On my drives to and from the mountains to visit my new “friend”, the radio signal/reception fades in and out. Shuffling through stations I am blown away by the number of songs that if asked if I knew them, I would think no.  And then– songs I do not even know that I know, come on- the music takes me immediately back to a time where I first or last or regularly recall hearing it, and the feelings of that time. AND then– I in fact recall – every – single – word.  All words, lyrics, even the chorus to songs I had forgotten even existed. This seems a perfect metaphor for trauma.


It is like this.  PTSD is like this.  Things happened—confusing and damaging things imprinted on me- events and dynamics, which for so long, I could not identify or fully remember, because I lacked the language, but those traumas (definition of trauma:  deeply distressing experiences too big and difficult to process and manage alone) lived inside of me and shaped me, making it easy and desirable for those I burdened, to judge, label, dismiss me– as angry, peculiar, impossible, dramatic, selfish, lying, troublesome–an outsider. No good.

And still, decades later, when faced with a person who did the things OR even someone who reminds me of them, I am transported back to a moment of trauma, no longer in the real time- moment, in which technically I am now safe with actual choices.  My body and brain react immediately and intensely to the trigger and enter into fight or flight mode. Because I am reacting to People(fromthe past) who felt inclined and entitled to to make me pay, put me in my place, make me sorry—for interfering with their plan or pleasure. And for judgy people who lack the ability to courageously engage in the work of healing, repairing, and growing, they righteously focus on illumination of a my reaction to pain caused by them— using terms like erratic, deranged…dedicated to undermining, smearing, discrediting me, in a way which makes them feel right, justified… superior. Catherine G Whitney Ghoneim

Attachment and repair are indicated as critical components to raising trusting, resilient children who will thrive in their personal relationships. Healthy Attachment being defined as deep knowing and belief that “I am safe.  I matter. I am real” (as are my feelings and experiences) (even when they differ from yours)).

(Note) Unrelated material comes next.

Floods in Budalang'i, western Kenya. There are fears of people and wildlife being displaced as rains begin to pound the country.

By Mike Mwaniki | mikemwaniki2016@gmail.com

Am I real?  Am I safe?  Do I matter?  The people older than and in charge of me made certain to insure that, for me, the answer to these three questions was a resounding NO.  Communicating in all variety of ways that:
I am alone and discardable. That–My difficult feelings were unnatural, invalid, unwelcome, inadmissible:  Expressing them in any way placed me in the crosshairs and I was handled accordingly:  typically with mocking, silent treatment, banishment, and shunning.

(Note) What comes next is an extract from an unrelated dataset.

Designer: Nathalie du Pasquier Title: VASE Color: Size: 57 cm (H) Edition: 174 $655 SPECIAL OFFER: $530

Thankfully, I no longer worry(too much) about the unhealed people who misunderstand my reflection and healing for a need to rehash and a refusal to forgive, get over, move tf on. However, my need to diminish the shadow of my trauma and grief which falls squarely on my children, matters much more than the opionions of judgers with limited thinking. I am a work in progress. I heal for myself and those who love(with wholesome nurturing love- never desiring to punish) me.

I think in my family of origin as well as the family of my boys’ father, they have confused their retalliations for “natural consequences”. So grateful to now recognize that for what it is.